[[ RECORDS FOR THE EXERCISE, beginning ]]

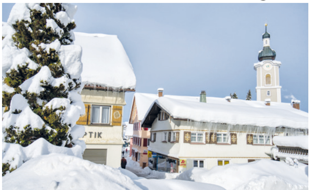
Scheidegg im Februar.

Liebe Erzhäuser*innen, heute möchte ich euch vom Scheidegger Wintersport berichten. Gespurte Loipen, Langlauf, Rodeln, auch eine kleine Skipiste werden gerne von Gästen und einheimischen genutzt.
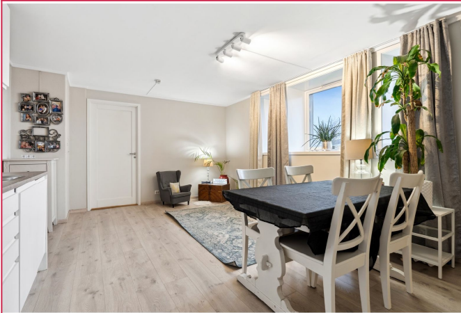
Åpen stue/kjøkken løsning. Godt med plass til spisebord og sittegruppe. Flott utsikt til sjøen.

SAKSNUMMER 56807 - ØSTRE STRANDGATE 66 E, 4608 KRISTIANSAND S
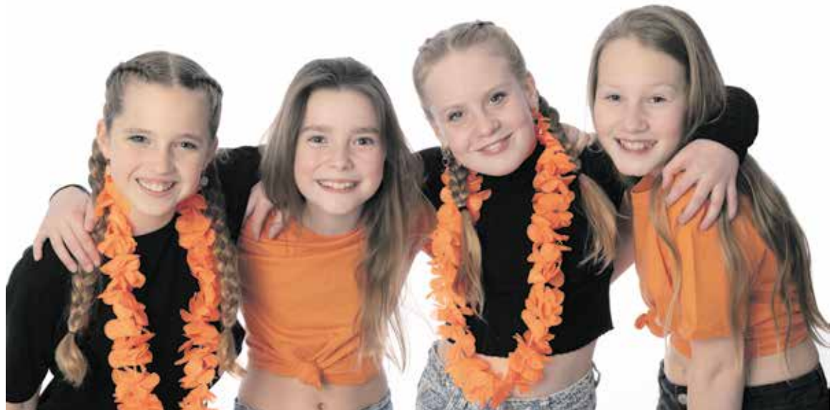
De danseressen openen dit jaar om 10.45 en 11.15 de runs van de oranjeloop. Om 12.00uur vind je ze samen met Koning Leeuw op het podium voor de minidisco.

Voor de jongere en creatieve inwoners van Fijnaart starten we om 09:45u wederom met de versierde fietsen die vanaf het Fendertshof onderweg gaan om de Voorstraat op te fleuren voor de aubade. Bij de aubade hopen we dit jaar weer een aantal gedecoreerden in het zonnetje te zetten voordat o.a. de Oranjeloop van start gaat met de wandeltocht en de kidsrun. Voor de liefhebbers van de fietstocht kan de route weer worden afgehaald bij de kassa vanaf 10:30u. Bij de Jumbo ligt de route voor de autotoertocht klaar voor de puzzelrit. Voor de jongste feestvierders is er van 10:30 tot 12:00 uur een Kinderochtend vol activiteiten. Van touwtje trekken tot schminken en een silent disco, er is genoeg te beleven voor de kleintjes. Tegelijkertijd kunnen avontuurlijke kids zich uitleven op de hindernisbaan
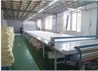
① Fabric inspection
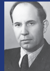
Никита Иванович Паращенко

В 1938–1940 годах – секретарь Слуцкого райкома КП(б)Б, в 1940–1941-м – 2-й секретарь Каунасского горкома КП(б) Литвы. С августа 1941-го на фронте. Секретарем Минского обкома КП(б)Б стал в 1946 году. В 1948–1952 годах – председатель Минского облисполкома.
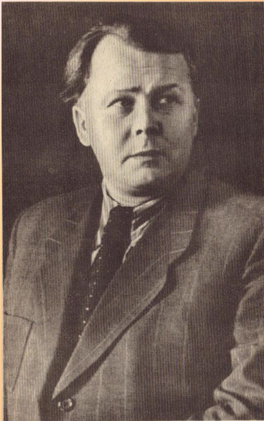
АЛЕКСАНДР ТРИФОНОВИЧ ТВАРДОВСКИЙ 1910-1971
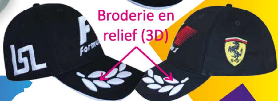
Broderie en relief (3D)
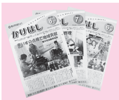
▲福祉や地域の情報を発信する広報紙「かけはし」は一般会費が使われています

[[ RECORDS FOR THE EXERCISE, end ]]
[[ RECORDS FOR THE EXERCISE, beginning ]]

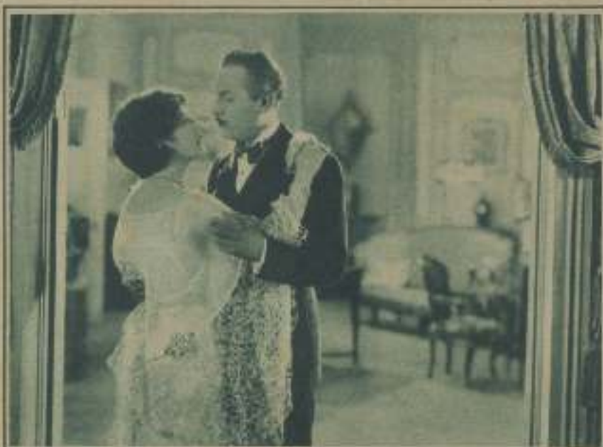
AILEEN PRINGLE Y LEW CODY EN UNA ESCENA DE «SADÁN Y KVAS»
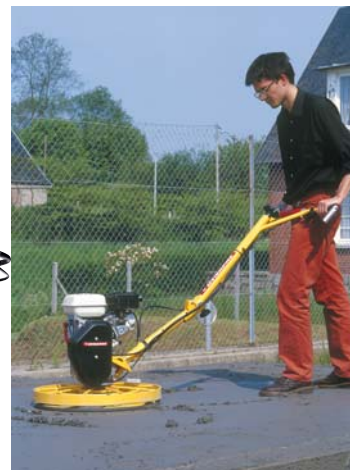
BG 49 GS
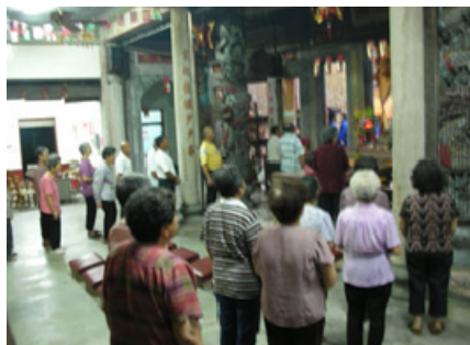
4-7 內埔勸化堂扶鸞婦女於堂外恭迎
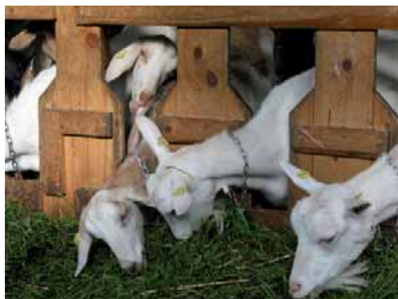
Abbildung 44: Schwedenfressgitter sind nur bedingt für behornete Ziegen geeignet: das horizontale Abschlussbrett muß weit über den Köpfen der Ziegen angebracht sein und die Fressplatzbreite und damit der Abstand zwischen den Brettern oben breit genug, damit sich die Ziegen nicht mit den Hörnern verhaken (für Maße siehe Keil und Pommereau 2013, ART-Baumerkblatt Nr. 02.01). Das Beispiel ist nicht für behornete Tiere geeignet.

[[ RECORDS FOR THE EXERCISE, end ]]
[[ RECORDS FOR THE EXERCISE, beginning ]]

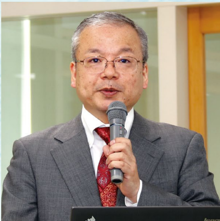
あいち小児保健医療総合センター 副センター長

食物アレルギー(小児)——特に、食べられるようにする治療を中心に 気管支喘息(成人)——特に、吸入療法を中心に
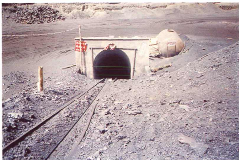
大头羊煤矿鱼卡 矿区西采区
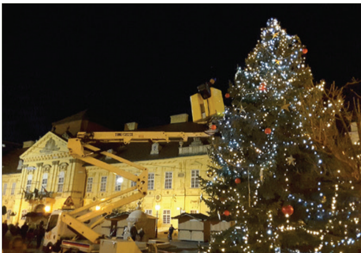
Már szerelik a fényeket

[[ RECORDS FOR THE EXERCISE, end ]]

EXERCISE DETAILS
Your answer should be the lines above, word for word, from the line with "Никита Иванович Паращенко" through the line with "АЛЕКСАНДР ТРИФОНОВИЧ ТВАРДОВСКИЙ 1910-1971", minus the pictures.

WRITTEN ANSWER
Никита Иванович Паращенко

В 1938–1940 годах – секретарь Слуцкого райкома КП(б)Б, в 1940–1941-м – 2-й секретарь Каунасского горкома КП(б) Литвы. С августа 1941-го на фронте. Секретарем Минского обкома КП(б)Б стал в 1946 году. В 1948–1952 годах – председатель Минского облисполкома.
АЛЕКСАНДР ТРИФОНОВИЧ ТВАРДОВСКИЙ 1910-1971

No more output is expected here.